When I came to I was standing in my kitchen with my phone in my hand, shoes were on my feet and my face was streaked with tears. I felt my skin burning hot with both embarrassment and rage. I was tugging at my bun to get the hair tie out of my hair so that I could effectively stim myself out of this stupor.
Let me start by saying that “came to” isn’t the most accurate of terms. I was present during my entire meltdown, but it felt like there was nothing I could do to stop it. No matter how many times my brain said, “Stop it Madison, you’re not this upset” I couldn’t lay the feeling to rest and it kept bubbling up and it felt like it was wrapping its tentacles around my brain.
That’s the problem with having mental health issues, how many times can you explain to your best friend sitting across from you wondering why the searing stinging tears are falling from your face, that you don’t know why? You don’t know why it’s getting so out of control. Or why you’re yelling. Or why you’re so frustrated. You just don’t know why. All the auditory and physical manifestations of fear drown out your ability to even think straight.
I wish I could explain this better. Talking about it now, it feels like a distant memory. Something you’ll make sure to be better at next time. But you know sure as shit, the next time that water starts to boil you’ll do everything but put a lid on it.
I feel frustrated even now. I just want so desperately to beg the people I love to try and look past it and pretend it didn’t happen. Because it shouldn’t of. But you can’t expect that kind of forgiveness when you hurt someones feelings. And you can’t expect everyone to understand that you don’t have any fucking clue whats going on. Maybe its anxiety? or maybe not. Because I don’t know anymore.
When I feel at my worst, when I feel my most unhinged, and terrified, it feels like I’ve opened up the top of my head, and scribbled with crayon on the blank canvas of my mind.

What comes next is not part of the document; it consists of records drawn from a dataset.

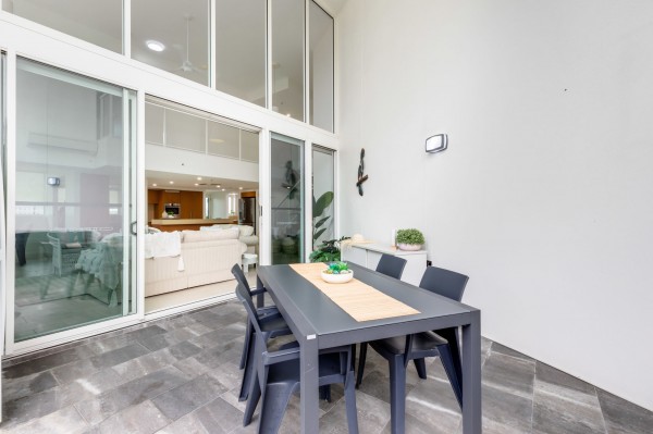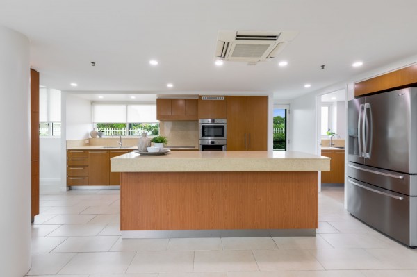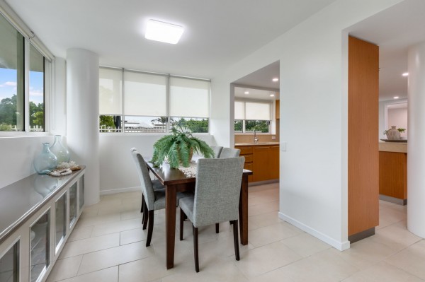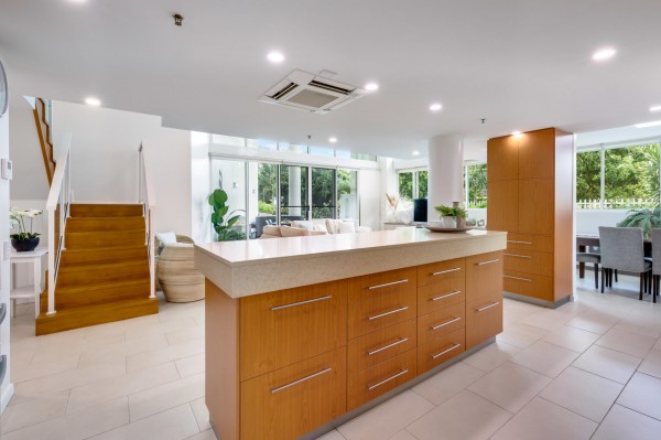 The huge open dining, lounge and sitting area are big enough for all the family to enjoy. There is a stunning 7meter custom-made built-in cabinet with display area. The lounge area can hold the biggest of lounges and leads outside through wide opening double glass doors to the undercover entertainment area and around the 3 sides of the apartment for those summer bbq parties. Enjoy your raised garden with established low care tropical plants.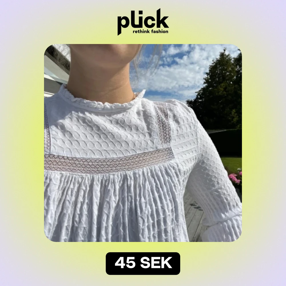Såååå himla fin men har tyvärr vuxit ut den 😢 Jättefin att ha en stickat väst över eller stickat tröja och kragen är ute. Spetsdetaljer och knäpper i nacken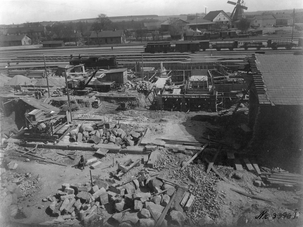 Stations- och tunnelbyggnad vid Eslöv järnvägsstation. I bakgrunden skymtas en väderkvarn.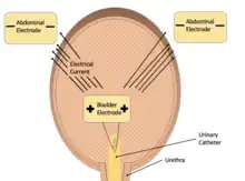Electromotive drug administration utilizes a small electric current flowing across the bladder wall between two electrodes, one on the skin and one placed inside the bladder via catheterization, to enhance permeability of aqueous solutions.[1][2][3] Electromotive drug administration best enhances ionized formulations, which diffuse poorly using standard passive diffusion.[3] This allows it to potentially assist in the delivery of many drugs that usually perform poorly in the bladder without having to change their formulations heavily. Across multiple studies and clinical trials electromotive drug administration has been shown to increase the uptake of many drugs, showing potential use in bladder cancer, urinary incontinence, urinary cystitis and pain management.[1][2][3][5] Cost of local anesthesia for bladder distention using electromotive drug administration in combination with lidocaine has been shown to be cheaper and more practical than general anesthesia or spinal anesthesia.[5]

I wish you could understand that I don’t know whats wrong with me. You being everyone. You being me. You being my partner, my mom, my sister, my family, my coworkers. I think that’s really the hardest part, is that I don’t even know what wrong with me. And I’m starting to give up on myself. Why not cave in, if my mind already is?
I keep thinking I have the answer to it, and that I have finally cracked the code. Just one more day of “self-care” one more day of adult coloring books and incense, and baths and face masks. I try to be self indulgent and pour epsom salt into the running water. But I still have days where I can’t stop my fingers from typing out messages full of backwards anxious thoughts. And I can’t stop my mouth from spewing out words that I don’t really mean. And after all is said and done, I leave myself deflated. and empty.
and I am a broken record. I’m sorry. I’m sorry. I’m sorry. I’m sorry. I’m sorry.
I try to hand you back the shatters of our conversation begging you to help my glue the sense I lost back together. But you don’t have the glue and apparently neither do I.